2. Current Situation

Initially the current situation has to be assessed. This ensures that resistance training is beneficial rather than harmful, especially to those individuals with pre-existing injuries or illnesses. This step additionally helps the design of an appropriate training (and nutritional) program. It includes:

Medical checkup

Usually exercise improves health (see Preface) but some medical conditions might not allow specific types of exercise (e.g. high intensity of effort for persons with high blood pressure or cardiovascular disease, running for overweight persons with low cardiorespiratory fitness etc.).

Initially a self-guided screening for physical activity program is recommended.

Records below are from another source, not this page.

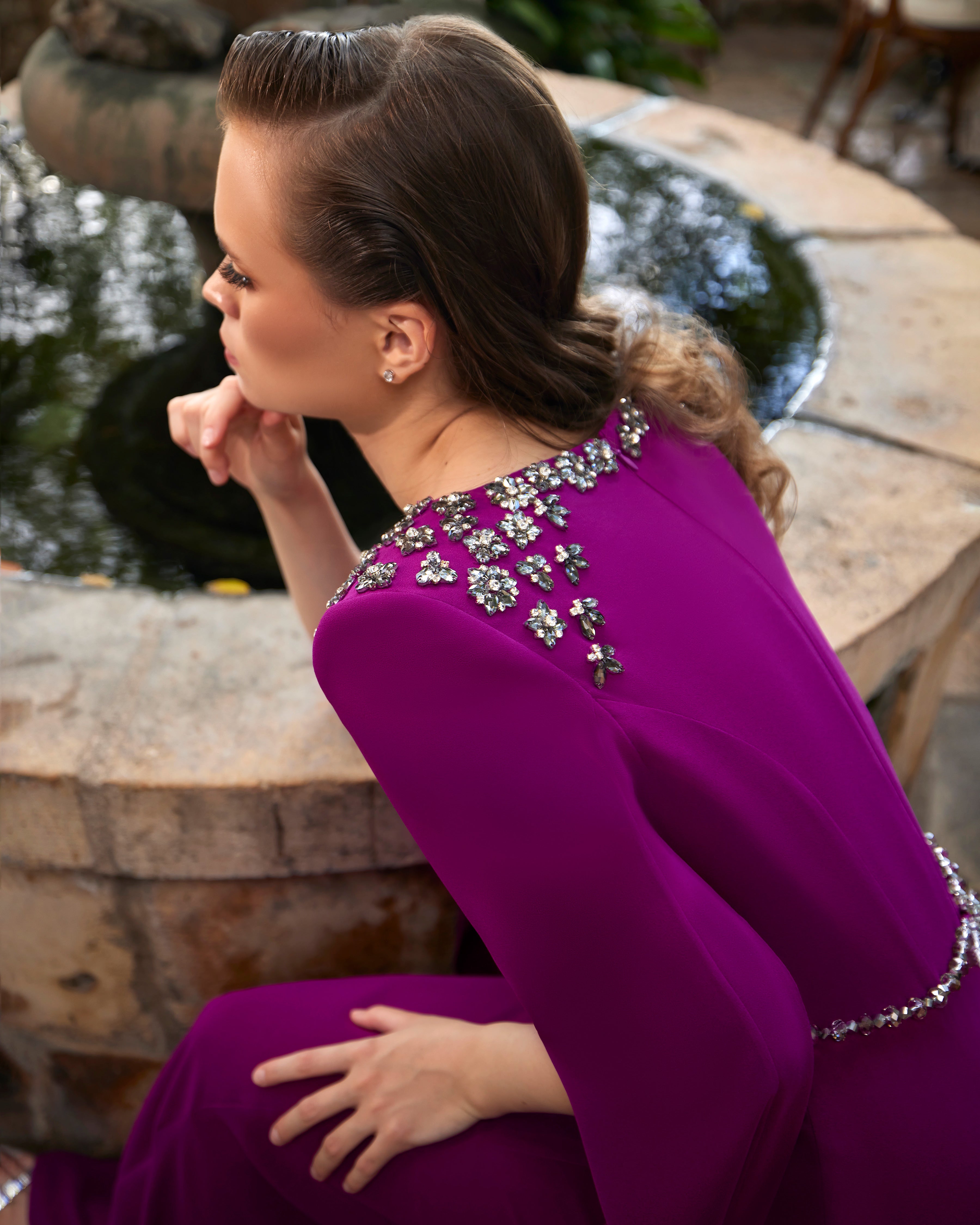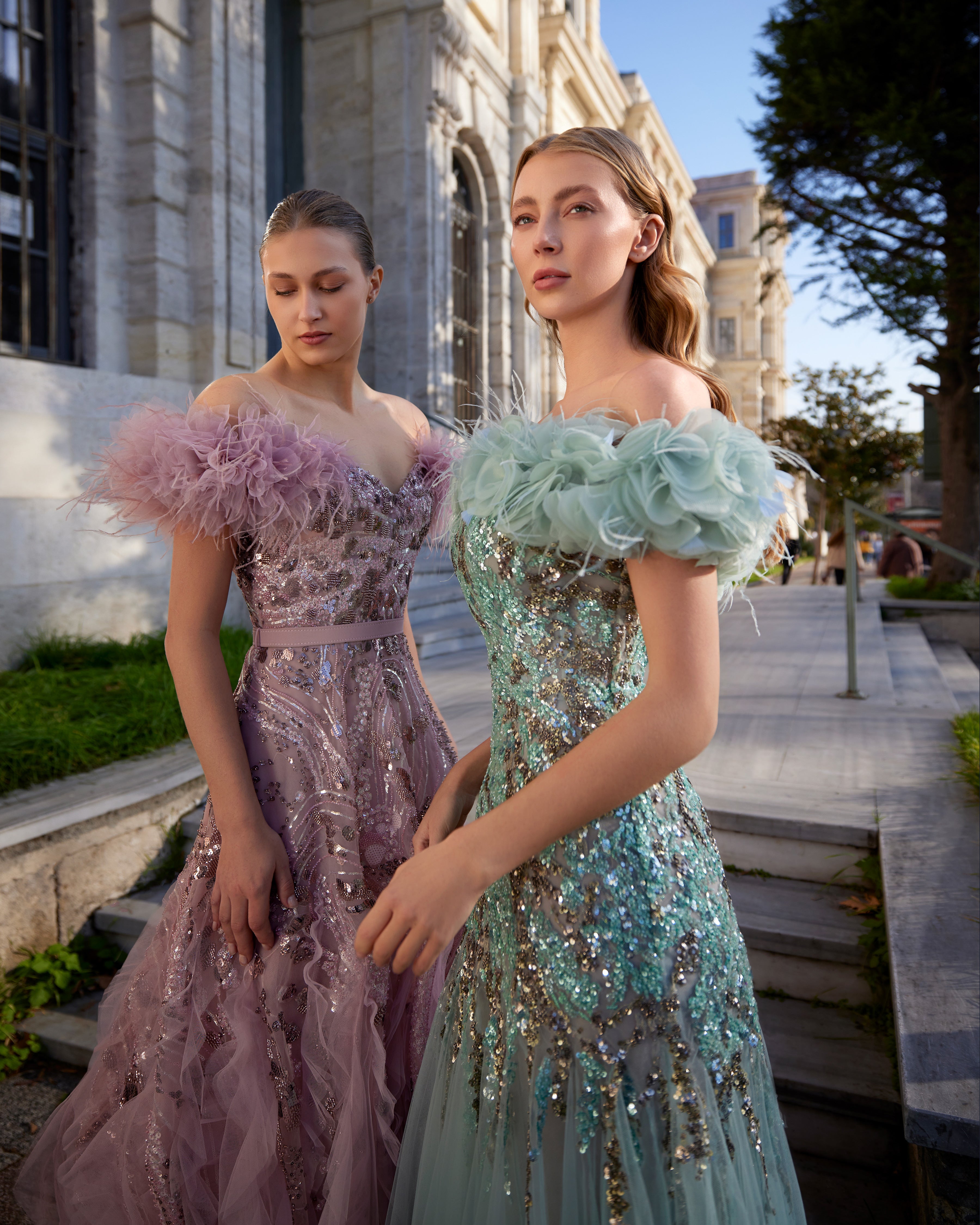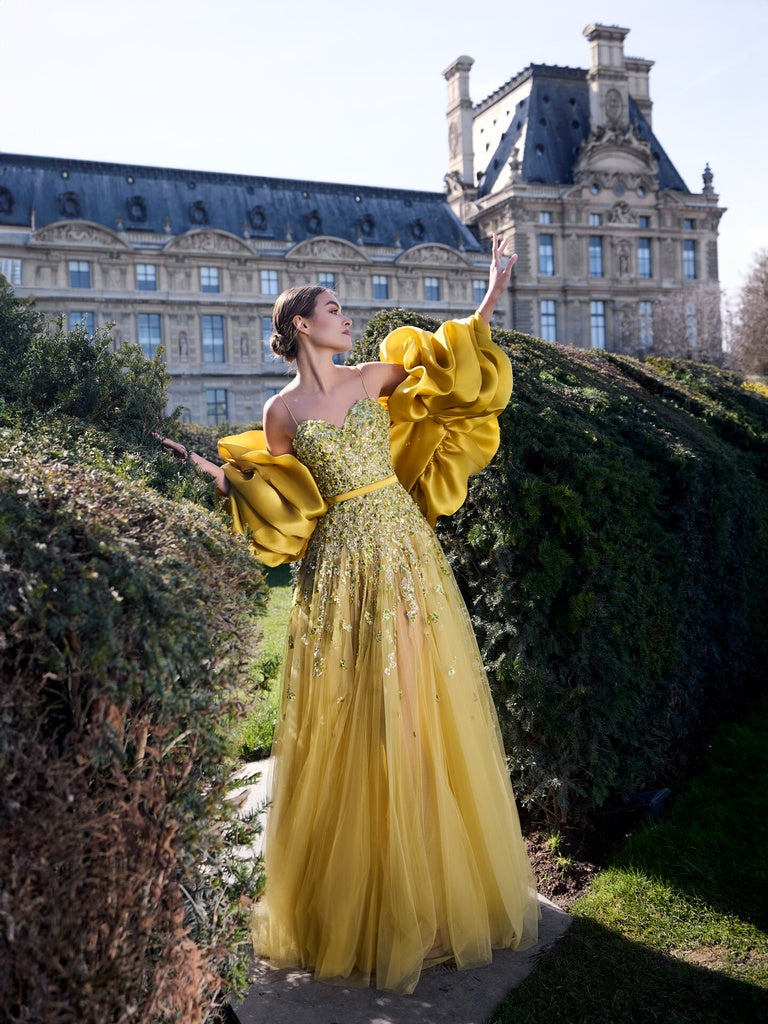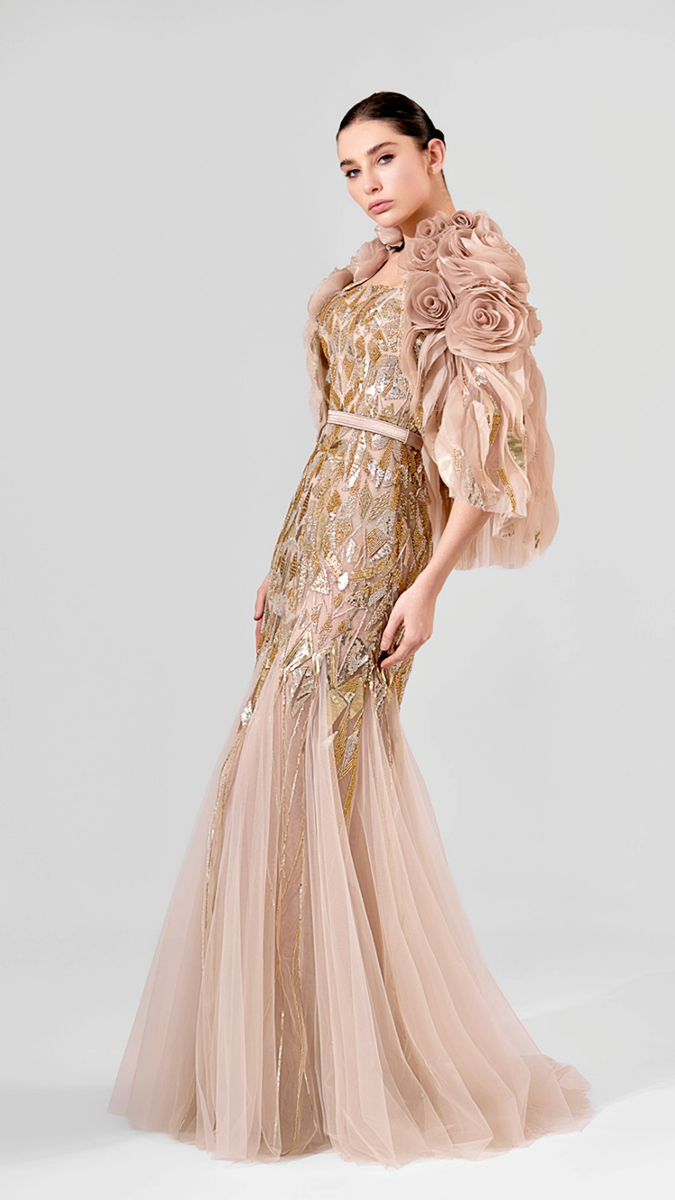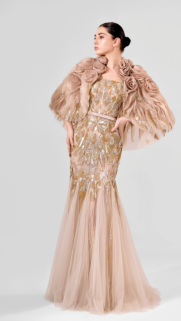 Embroidered Mikado Gown with Ruffled Organza Sleeves | 909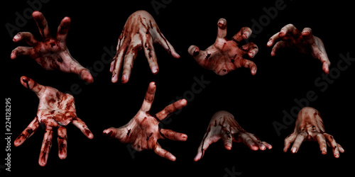 © fotokitas, Fototapeta premium Bloody hands isolated on black background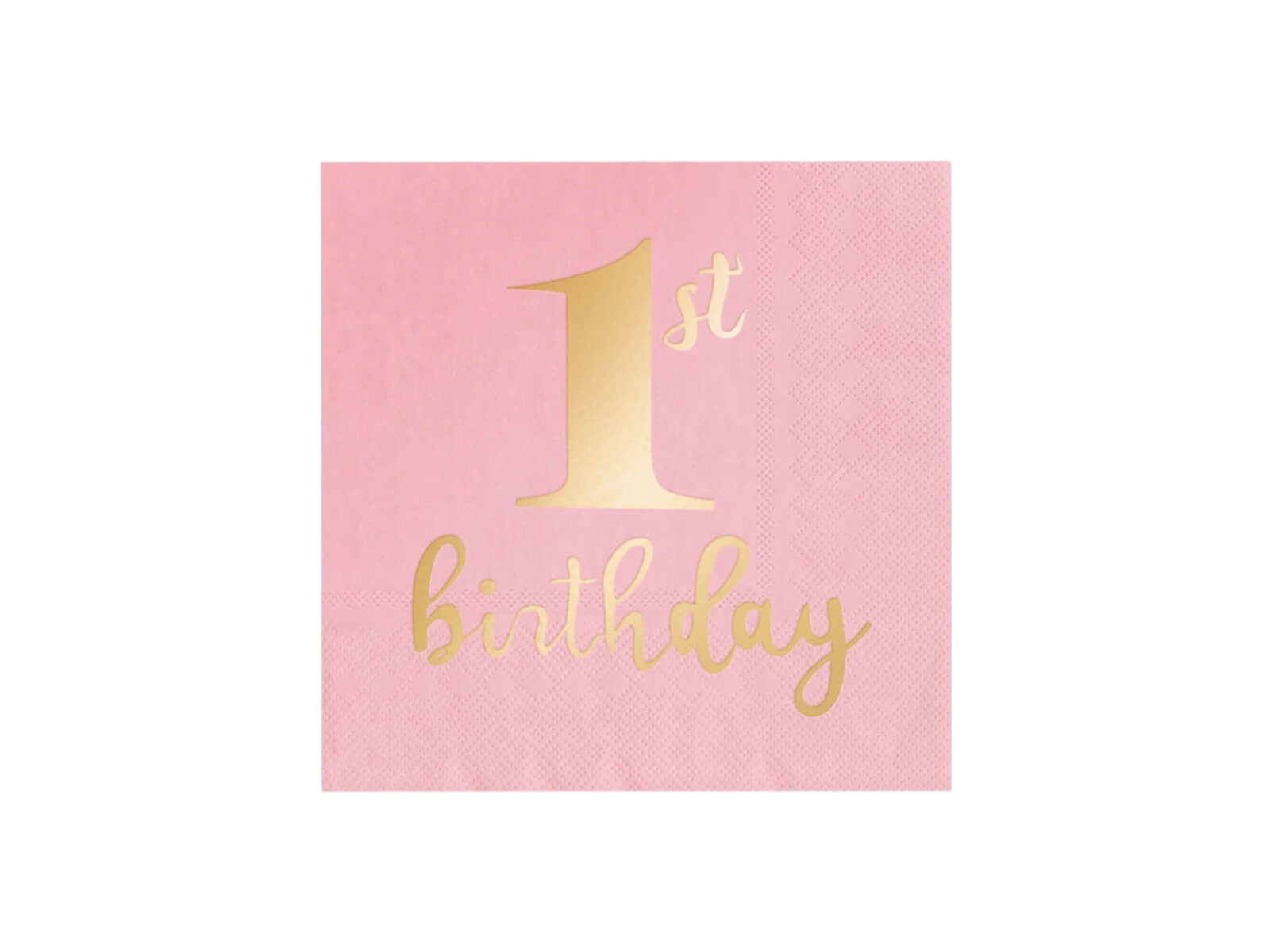 Serwetki urodzinowe na roczek 1st Birthday różowe - 33 cm - 10 szt.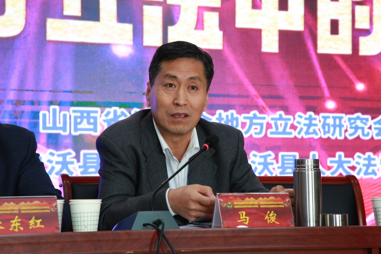 马俊在讲话中指出本次年会举办方式是省法学会优势学术资源与县域丰富法治实践有机结合的一次有益尝试,值得宣传和肯定。他对地方立法研究会过去一年的工作充分也给予肯定,并希望研究会以中共中央办公厅《关于进一步加强法学会建设的意见》为重要遵循,把学习宣传贯彻《意见》作为当前重要任务来抓,切实把思想和行动统一到党中央决策部署上来;指出研究会下一步工作中应保持和增强政治性、先进性和群众性,坚定不移走中国特色社会主义法治道路,自觉在思想上政治上行动上同以习近平同志为核心的党中央保持高度一致,深入研究阐释习近平总书记关于全面依法治国重要论述,加强对中国特色社会主义国家制度和法律制度的理论研究,为构筑中国特色社会主义制度建设理论的学科体系、学术体系、话语体系贡献力量。研究会要发挥智库作用、加强法治人才培养并不断深化学术交流,加强研究会自身建设,更好地发挥作用和履行职责。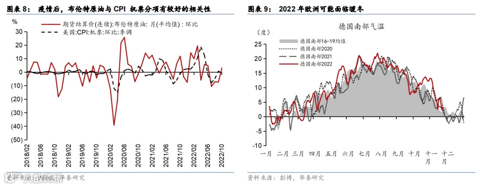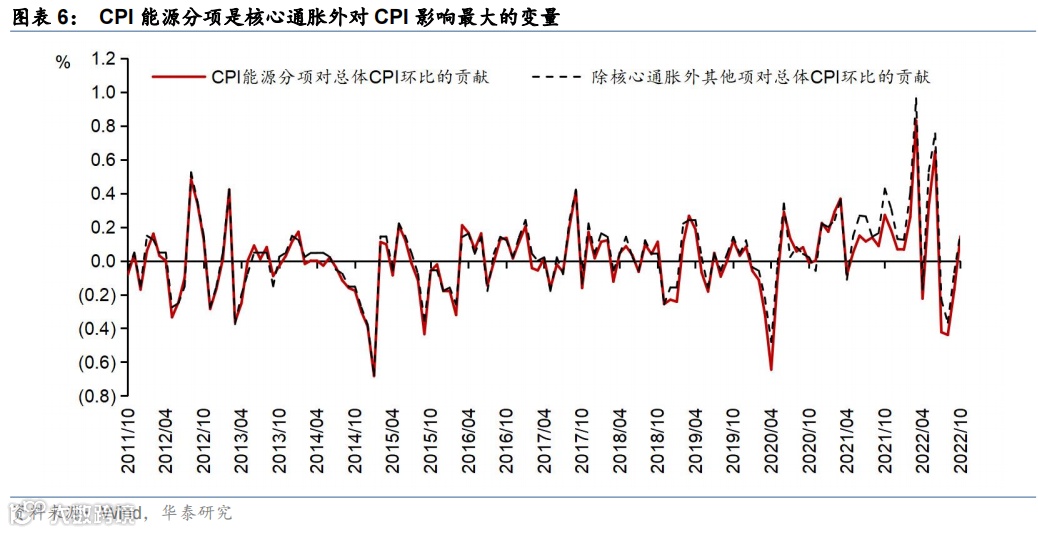 CPI影响最大的边际变量。此外,油价如果持续走高(如2021年至今),也会波及工业生产以及居民生活成本,推动核心通胀及通胀预期上行。近期油价明显回落,但往前看,油价“上限”及俄油禁运对供给侧的可能影响值得关注。此外,欧美气温变化,中国需求走势,俄乌局势、及OPEC决策等,都可能为今冬明春油价走势带来新的不确定性(参见《解析俄油价格“上限”及其潜在影响》,2022/11/25)。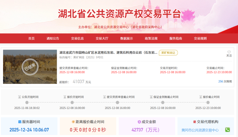 12月23日,湖北武穴市園椅山礦區(qū)水泥用石灰?guī)r、建筑石料用白云巖(石灰?guī)r)礦成功出讓。該項(xiàng)資源儲(chǔ)量超2.82億噸,生產(chǎn)規(guī)模950萬(wàn)噸/年,出讓30年,掛牌起始價(jià)超4.1億元。黃岡亞?wèn)|水泥有限公司報(bào)價(jià)超4.27億元競(jìng)得。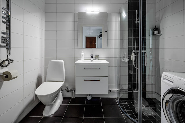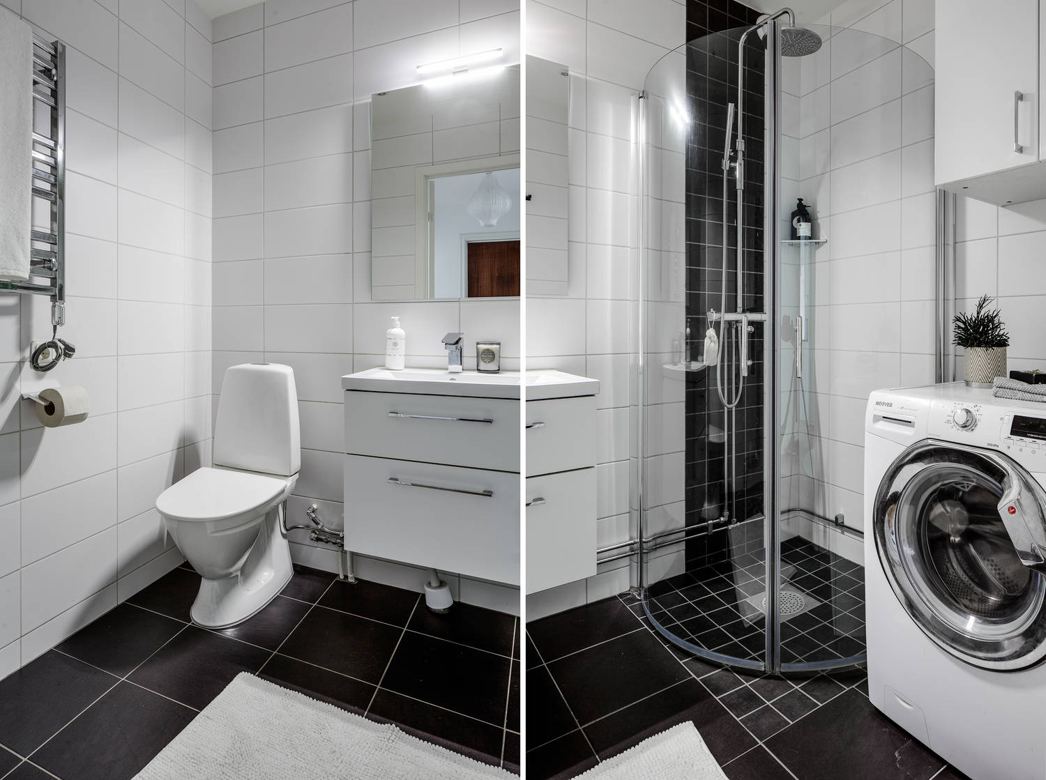 Łazienka także z przewagą bieli w połączeniu z grafitem (płytki w tym kolorze położono na podłodze oraz w części kabiny prysznicowej.

The Physical Activity Readiness Questionnaires (PAR-Q or the more detailed PAR-Q+) are simple self-screening tools that can and should be used by anyone who is planning to start an exercise program (CSEP 2002, PAR-Q+ 2017). They are designed to identify major symptoms of cardiovascular, pulmonary, or metabolic diseases or orthopedic conditions. Online or printed forms can be found at PAR-Q+ (2017). If any of those conditions apply, the trainee should seek advice from a doctor.

The medical checkup includes a visit to the doctor where the overall health will be assessed. Points that need to be considered include: History and current medical issues regarding heart (blood pressure, chest pains, fainting), lungs (asthma, allergies, difficulty breathing), blood (diabetes, cholesterol, iron), bones or joints. Blood and urine exams and blood pressure measurement are also recommended. At this point it should be clear whether exercise is allowed and under what constraints, or whether exercise should be medically supervised.

Body measurements

The body measurements are the starting point for the goal-setting procedure, and will also provide information about the effectiveness of the programs.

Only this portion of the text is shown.